そして、俺たちを守るように一歩前に出ると、辻本を睨みつけた。
「今すぐ消えないと、警察を呼ぶ」
泰雅は、低く唸るように辻本に向かって言った。
「……ふん、やっぱりアルファがいないと何もできねーんだな。圭太、またな。お前の『幸せなオメガごっこ』がいつまで続くか楽しみにしてるぜ」
小馬鹿にしたような捨て台詞を吐くと、辻本は雨の雑踏の中へ消えていった。
「大丈夫か、圭太。……柊くん」
「ああ、ありがとな」
「っ、だいじょ……ぶです」
辻本が見えなくなったのを確認したら、急に体の力が抜けてしまった。柊を抱きしめたまま、へたへたと壁に寄りかかった。
「まだあんな偏見持っている奴がいるんだな……」
「……仕方がないよ。……オメガ、だから……」
鼻をすすりながらそう答える柊は、今までどんな人生を送ってきたのだろう。
俺がベータとして自由にのびのび暮らしていた時、もうすでに柊は世間の偏見に晒されて生きてきたのかもしれない。
「大丈夫。これからはどんどん変わっていくさ」
「そうだと、いいな……」
抱きしめていた柊を体から離すと、頭をそっと撫でた。
それから龍星が来るまでは、そう時間はかからなかった。
二人で気持ちを落ち着かせようと、他愛もない話をしていたら、柊の顔がパァっと明るくなった。……うん、龍星が来たみたいだ。
「遅くなっちまってごめん! ……柊? 何かあったのか?」
急いだ様子で近づいてきた龍星は、柊の様子がいつもと違うのを素早く察知し、顔を顰めた。
「詳しくは後で話す。今は、柊くんのそばにいてやってくれ」
こういう時は、過保護なアルファ同士のアンテナが働くのかもしれない。二人は無言で頷き合って、アイコンタクトをとっていた。

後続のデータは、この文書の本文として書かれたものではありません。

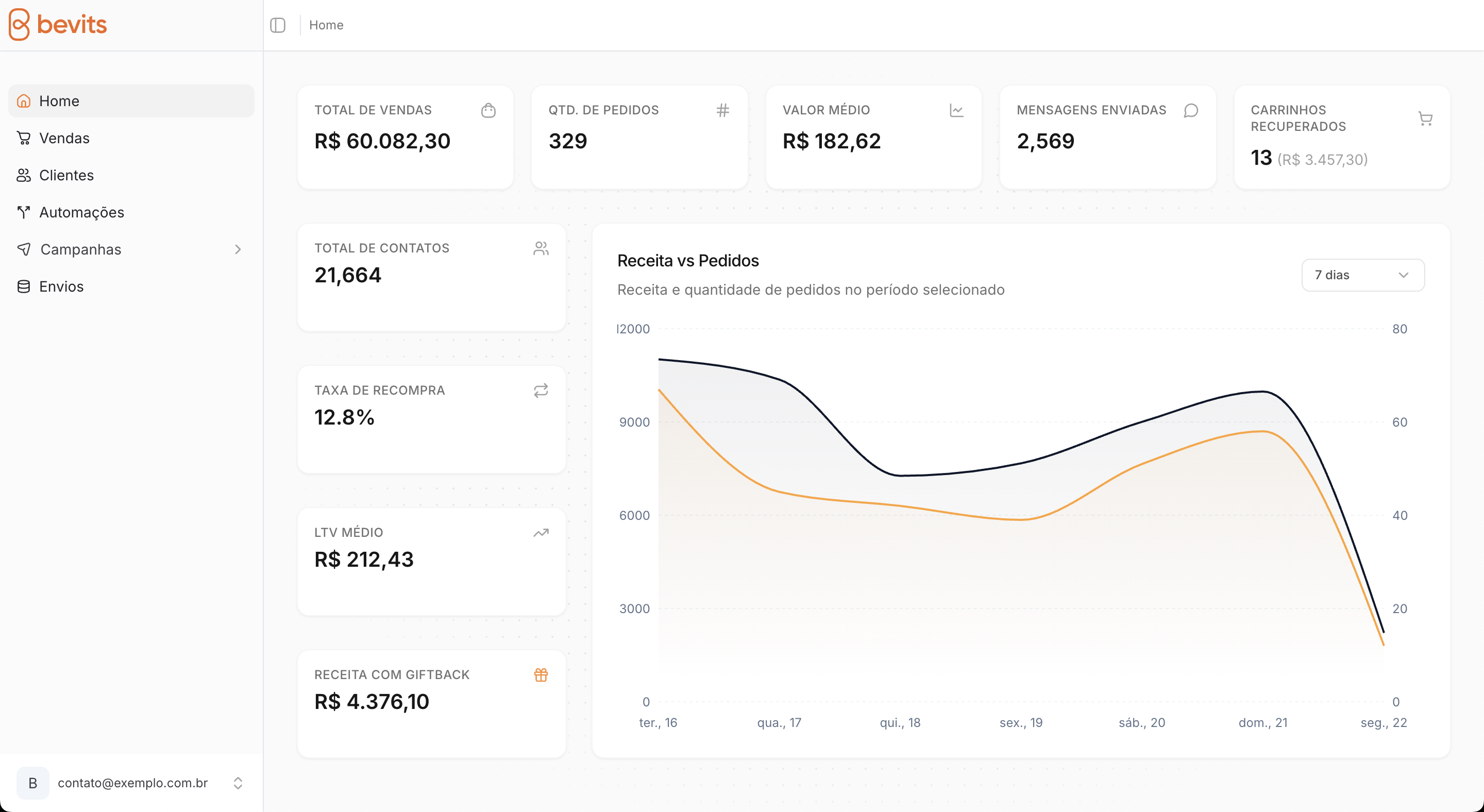 Agora você consegue ver direto no dashboard da Bevits os dados de recuperação de carrinhos abandonados. Quantos carrinhos foram recuperados e quanto isso representou financeiramente para a sua loja.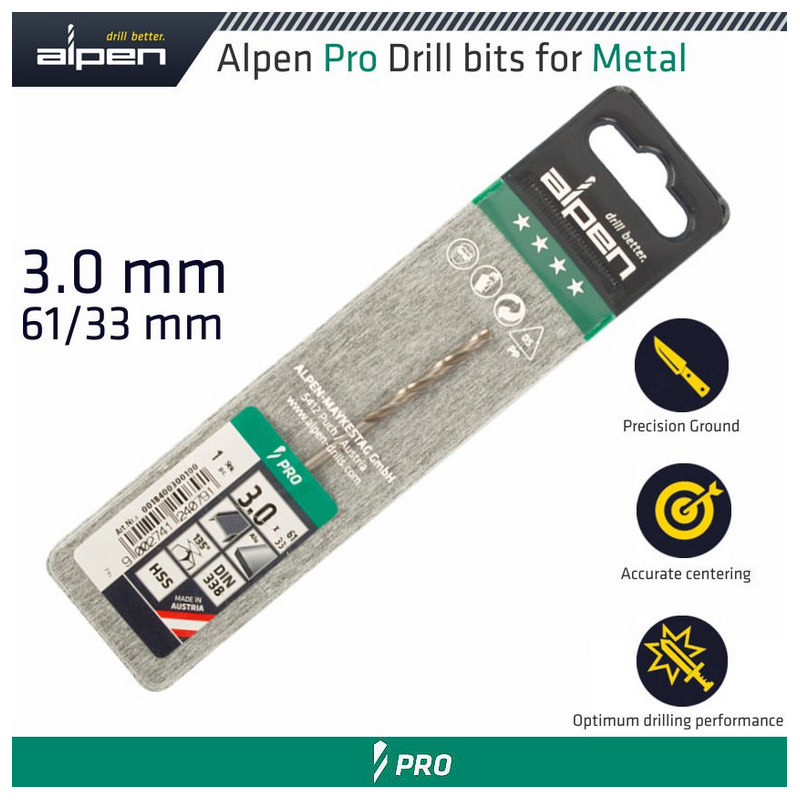 Alpen Pro HSS 3mm Drill Din 338 Rn 135 Split Point Plastic Wallet

「圭太くん、今日はありがとう。またお出かけしようね」
「俺も楽しかった! また遊びに行こうぜ」
柊は、龍星の腕に自分の腕を絡め、ピッタリと寄り添い、手を振りながら帰って行った。
「俺たちも帰ろうか」
「そうだな」
今日は色々あった。楽しいことも不愉快なことも。
話したいことも聞きたいこともたくさんあるけれど、とにかく今日はもう疲れた。ゆっくり休んで、また日を改めて、泰雅と話をしないとなって思った。